Kriminalität

Nach Fund von Tunnel zur Bank: Experten suchen nach Spuren

Viel Mühe, kein Lohn: Unbekannte haben unter einem Parkplatz in Spenge einen etwa sieben Meter langen Tunnel durchs Erdreich gebuddelt. Ziel war vermutlich eine Bankfiliale. Doch der Zufall verhinderte die spektakuläre, erfolgreiche Umsetzung.

dpa

Das Blaulicht eines Streifenwagens der Polizei leuchtet. Foto: Stefan Puchner

Spenge (dpa/lnw) - Nach dem Fund eines Tunnels im Umfeld einer Volksbank in Spenge (Kreis Herford) laufen die Ermittlungen der Polizei weiter. Spurenexperten des Polizeipräsidiums in Bielefeld waren nach Angaben der Polizei in Herford am Dienstag an den Tatort gekommen. Nach Angaben eines Sprechers sind noch viele Fragen offen. So auch, was mit dem Erdaushub passiert ist, der beim Tunnelbau angefallen war. Der Bereich ist weiterhin abgesperrt.

Bauarbeiter waren am Montag auf den Tunnel gestoßen. Sie sollten sich um abgesackte Pflastersteine an einer Parkplatz-Einfahrt kümmern. Die ersten unebenen Steine neben der Bank waren schon am Freitag aufgefallen, in den Tagen danach kamen weitere hinzu. Daraufhin beauftragte die Volksbank eine Fachfirma - zunächst ging man von einem Wasserschaden aus. Doch bei den Reparaturdiensten fanden die Bauarbeiter Holzplanken in etwa zwei Metern Tiefe, unter denen der Tunnel war. Vermutlich wollten Einbrecher unterirdisch in die Bank eindringen. Der Plan war vor der Vollendung aber aufgeflogen.

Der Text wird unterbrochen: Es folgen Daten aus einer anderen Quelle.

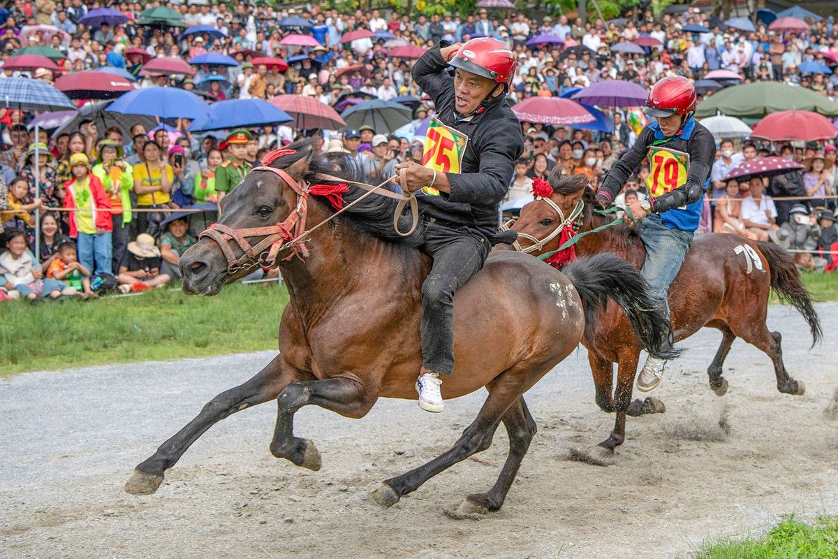 Những chàng trai người dân tộc thiểu số đầu đội mũ bảo hiểm, chân đi giày ba-ta trên lưng ngựa phi như bay trên đường đua, cống hiến cho người xem những màn rượt đuổi nảy lửa với những pha bứt tốc xuất sắc.

Der mit Holzplanken abgestützte Tunnel ist sieben bis acht Meter lang und etwa einen Meter breit. Einen Durchbruch in die Bank gab es noch nicht. Begonnen haben sollen die Täter die Grabungsarbeiten auf Höhe eines Trafohäuschen eines Stromnetzbetreibers.

Die betroffene Volksbank Herford-Mindener Land spricht von einem außergewöhnlichen Fall. «Wir sind schon überrascht von der Energie, die hier für dieses Unterfangen aufgewendet wurde», sagte Sprecher Andreas Kelch am Dienstag der dpa. Gelohnt hätte sich ein erfolgreicher Durchstoß aber wohl nicht. Nach Angaben der Bank gibt es aus alten Zeiten noch einen Tresorraum. «Heutzutage lagert kein Bargeld in größeren Mengen in den Geschäftsstellen», sagt Kelch.

Der Zahlungsverkehr der Privat- und Firmenkunden laufe weitestgehend in digitalisierter Form ab. «Unsere Geschäftsstellen wie auch Tresore und Schließfachanlagen sind innen wie außen gut gegen Einbruch und Vandalismus abgesichert», sagte der Sprecher.